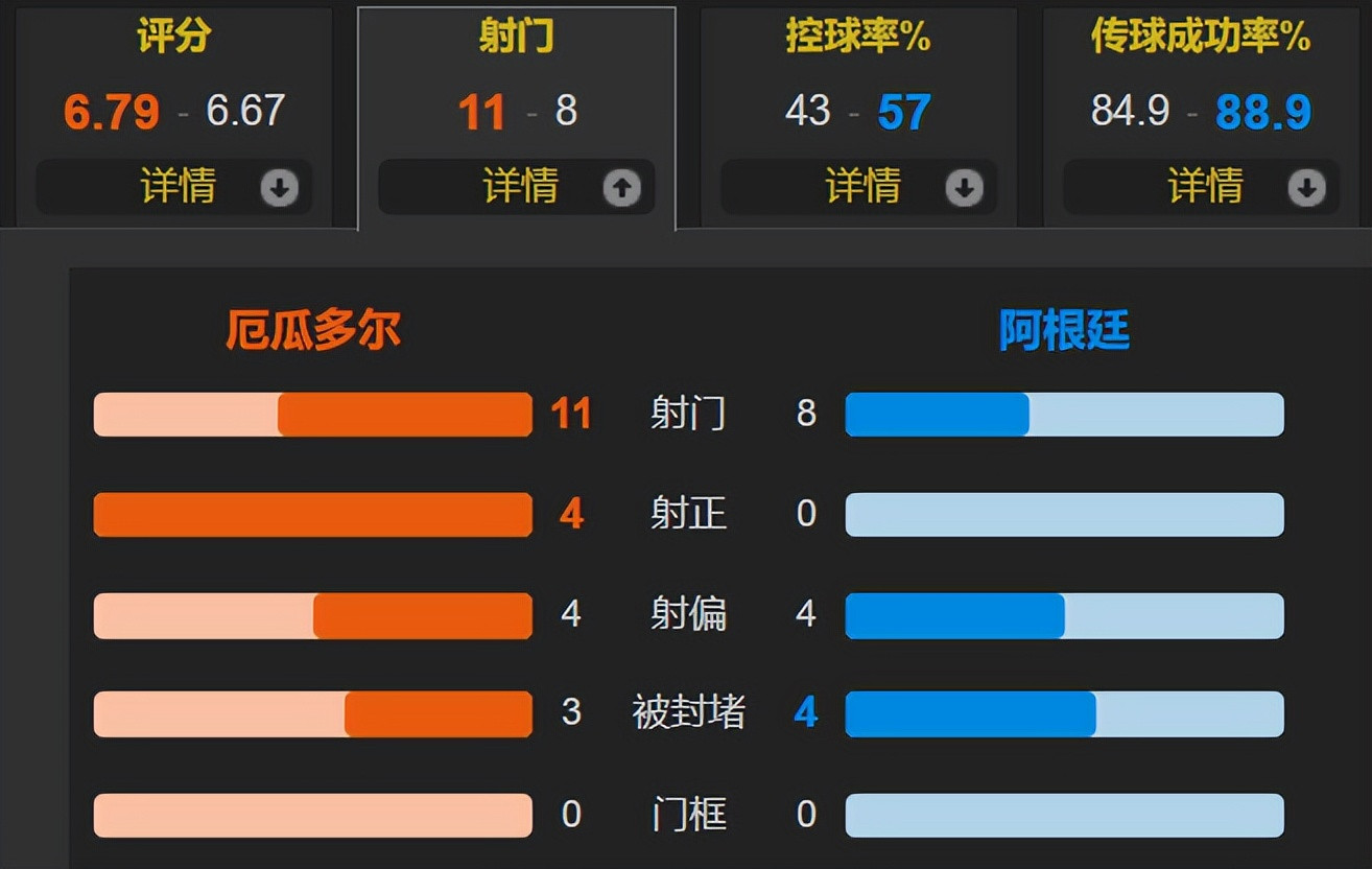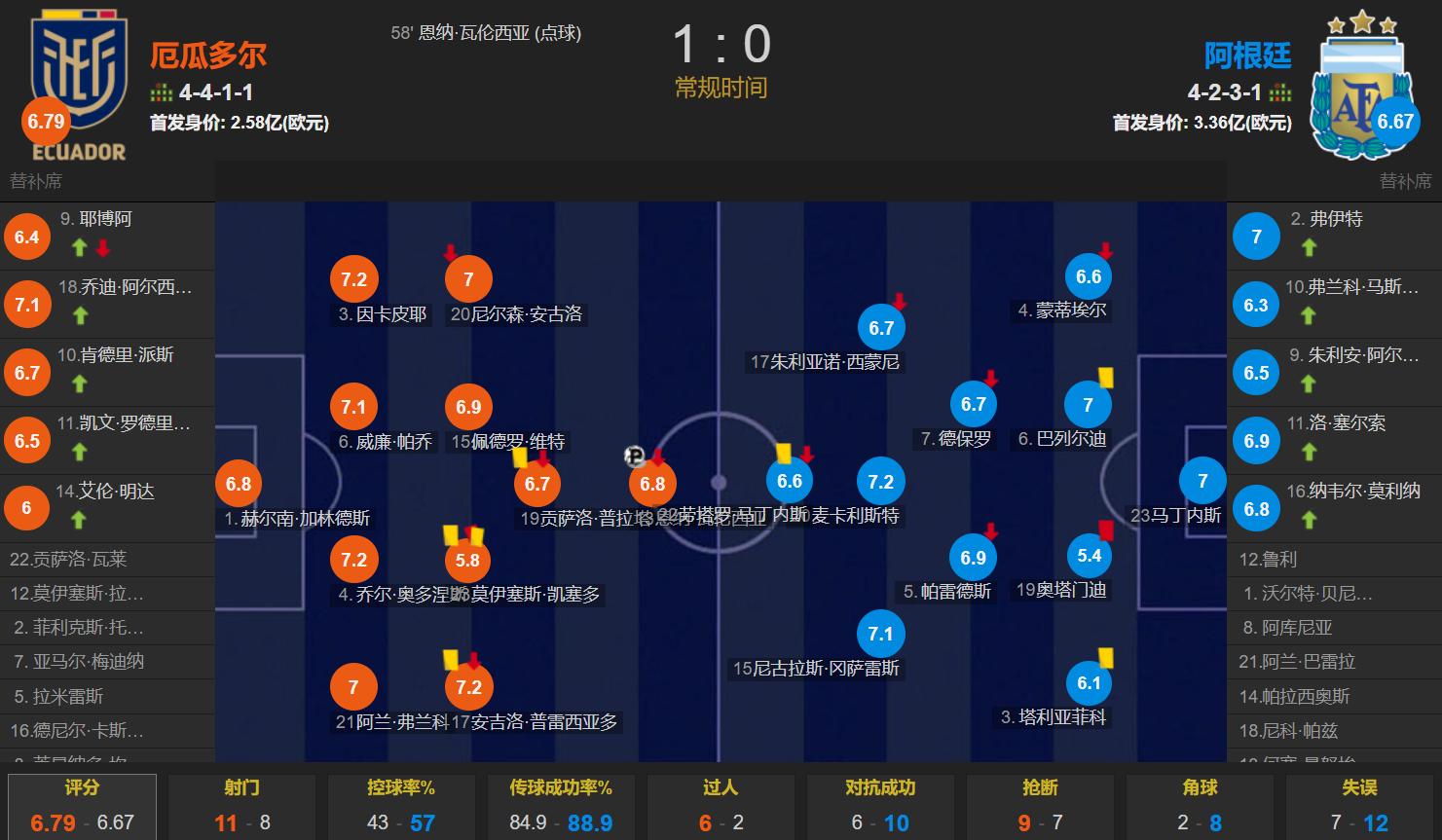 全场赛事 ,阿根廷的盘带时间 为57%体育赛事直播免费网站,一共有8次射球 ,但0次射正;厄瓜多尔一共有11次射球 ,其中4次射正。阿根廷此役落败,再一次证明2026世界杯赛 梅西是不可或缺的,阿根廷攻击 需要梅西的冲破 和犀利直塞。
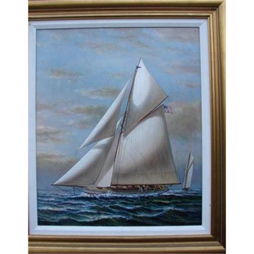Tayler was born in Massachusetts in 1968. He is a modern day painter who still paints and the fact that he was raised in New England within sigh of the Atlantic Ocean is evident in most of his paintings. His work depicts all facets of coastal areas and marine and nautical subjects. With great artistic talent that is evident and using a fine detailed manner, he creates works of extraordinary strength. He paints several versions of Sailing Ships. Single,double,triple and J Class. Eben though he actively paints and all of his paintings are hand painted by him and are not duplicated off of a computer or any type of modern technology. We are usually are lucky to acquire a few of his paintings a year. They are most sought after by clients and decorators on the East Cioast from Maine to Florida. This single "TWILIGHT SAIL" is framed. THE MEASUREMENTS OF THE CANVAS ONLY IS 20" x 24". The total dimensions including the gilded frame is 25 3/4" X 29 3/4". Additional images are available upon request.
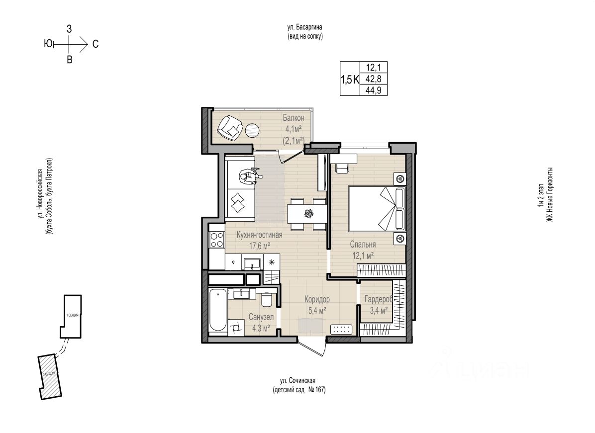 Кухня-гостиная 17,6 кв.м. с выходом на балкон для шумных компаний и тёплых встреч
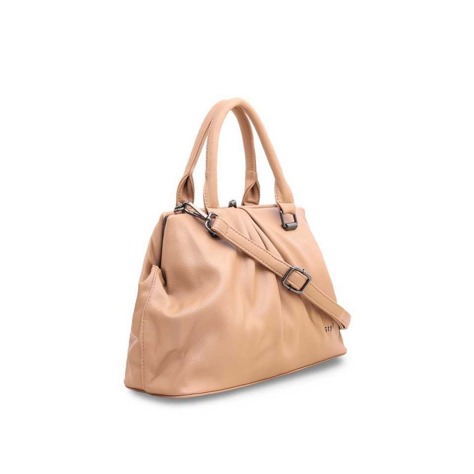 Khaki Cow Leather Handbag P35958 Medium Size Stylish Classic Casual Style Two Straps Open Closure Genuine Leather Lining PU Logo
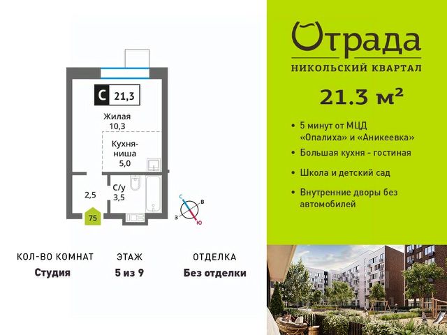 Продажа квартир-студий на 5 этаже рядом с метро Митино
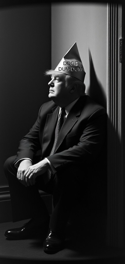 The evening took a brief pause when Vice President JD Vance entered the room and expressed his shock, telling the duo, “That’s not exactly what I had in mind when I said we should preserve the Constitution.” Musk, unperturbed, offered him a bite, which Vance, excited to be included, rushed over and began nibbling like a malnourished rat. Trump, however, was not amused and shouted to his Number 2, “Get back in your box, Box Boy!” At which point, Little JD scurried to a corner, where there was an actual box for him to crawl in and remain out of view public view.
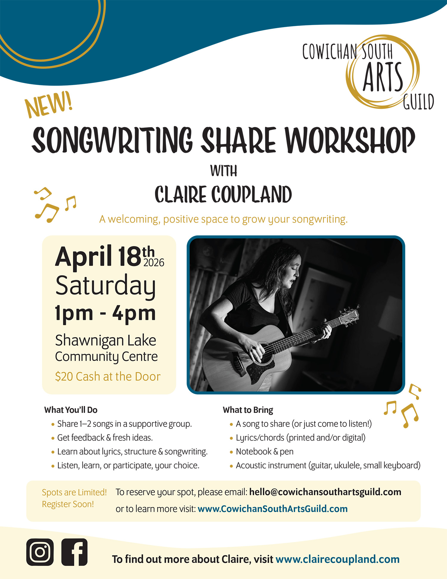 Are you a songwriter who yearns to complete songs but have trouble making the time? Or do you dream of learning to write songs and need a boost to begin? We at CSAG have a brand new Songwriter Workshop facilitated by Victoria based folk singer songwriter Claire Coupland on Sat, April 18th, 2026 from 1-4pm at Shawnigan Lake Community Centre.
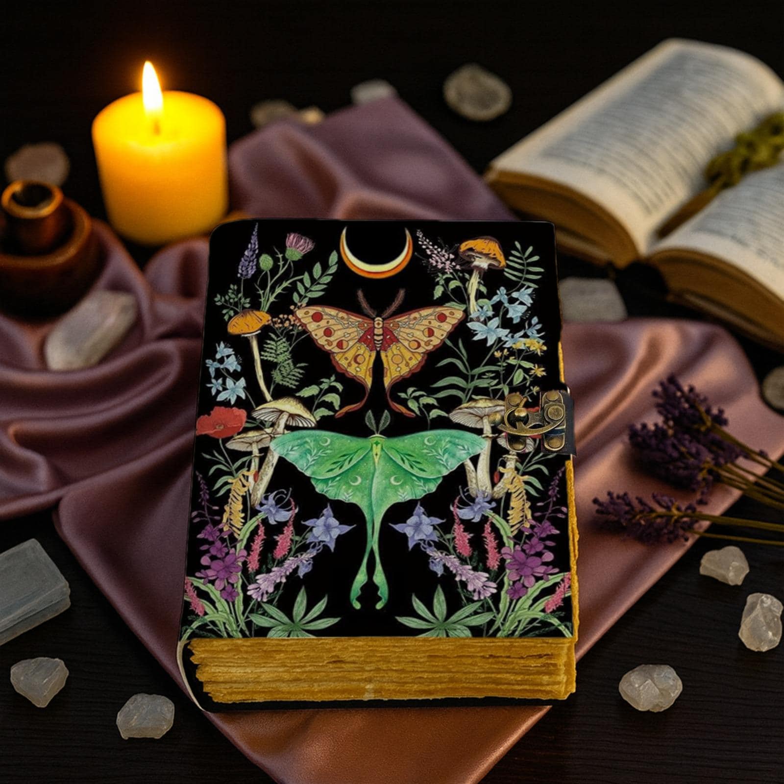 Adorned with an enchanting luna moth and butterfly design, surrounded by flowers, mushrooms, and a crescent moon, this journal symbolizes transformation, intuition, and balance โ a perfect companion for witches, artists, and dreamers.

----------

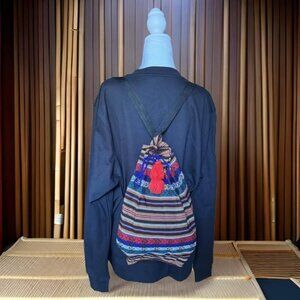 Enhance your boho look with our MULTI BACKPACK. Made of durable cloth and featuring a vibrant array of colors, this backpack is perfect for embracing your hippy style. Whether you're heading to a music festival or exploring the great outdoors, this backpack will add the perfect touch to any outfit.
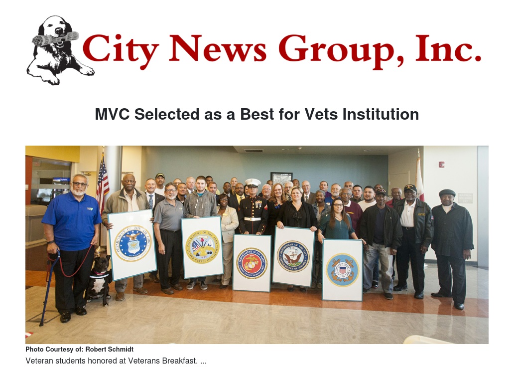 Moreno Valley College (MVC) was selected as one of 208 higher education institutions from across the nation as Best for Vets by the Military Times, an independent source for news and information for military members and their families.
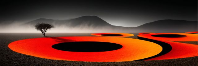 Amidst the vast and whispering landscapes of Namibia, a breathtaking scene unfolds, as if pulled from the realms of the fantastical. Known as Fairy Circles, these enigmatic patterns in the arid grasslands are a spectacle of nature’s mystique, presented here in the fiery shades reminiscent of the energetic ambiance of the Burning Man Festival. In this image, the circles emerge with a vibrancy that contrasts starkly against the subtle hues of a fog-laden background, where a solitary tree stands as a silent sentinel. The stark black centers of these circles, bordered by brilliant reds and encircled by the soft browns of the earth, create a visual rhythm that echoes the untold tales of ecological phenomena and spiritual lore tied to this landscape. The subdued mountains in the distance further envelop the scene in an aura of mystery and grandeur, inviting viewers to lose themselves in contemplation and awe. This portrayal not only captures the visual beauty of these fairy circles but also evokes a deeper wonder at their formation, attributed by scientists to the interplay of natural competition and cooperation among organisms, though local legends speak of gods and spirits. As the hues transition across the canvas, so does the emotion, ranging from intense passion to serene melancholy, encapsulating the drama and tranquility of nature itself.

----------

## Prompt
Leave out the images and write out the lines above exactly, from the one with "Tayler was born" up to and including the one with "The evening took".

## Response to the task
Tayler was born in Massachusetts in 1968. He is a modern day painter who still paints and the fact that he was raised in New England within sigh of the Atlantic Ocean is evident in most of his paintings. His work depicts all facets of coastal areas and marine and nautical subjects. With great artistic talent that is evident and using a fine detailed manner, he creates works of extraordinary strength. He paints several versions of Sailing Ships. Single,double,triple and J Class. Eben though he actively paints and all of his paintings are hand painted by him and are not duplicated off of a computer or any type of modern technology. We are usually are lucky to acquire a few of his paintings a year. They are most sought after by clients and decorators on the East Cioast from Maine to Florida. This single "TWILIGHT SAIL" is framed. THE MEASUREMENTS OF THE CANVAS ONLY IS 20" x 24". The total dimensions including the gilded frame is 25 3/4" X 29 3/4". Additional images are available upon request.
 Кухня-гостиная 17,6 кв.м. с выходом на балкон для шумных компаний и тёплых встреч
 Khaki Cow Leather Handbag P35958 Medium Size Stylish Classic Casual Style Two Straps Open Closure Genuine Leather Lining PU Logo
 Продажа квартир-студий на 5 этаже рядом с метро Митино
 The evening took a brief pause when Vice President JD Vance entered the room and expressed his shock, telling the duo, “That’s not exactly what I had in mind when I said we should preserve the Constitution.” Musk, unperturbed, offered him a bite, which Vance, excited to be included, rushed over and began nibbling like a malnourished rat. Trump, however, was not amused and shouted to his Number 2, “Get back in your box, Box Boy!” At which point, Little JD scurried to a corner, where there was an actual box for him to crawl in and remain out of view public view.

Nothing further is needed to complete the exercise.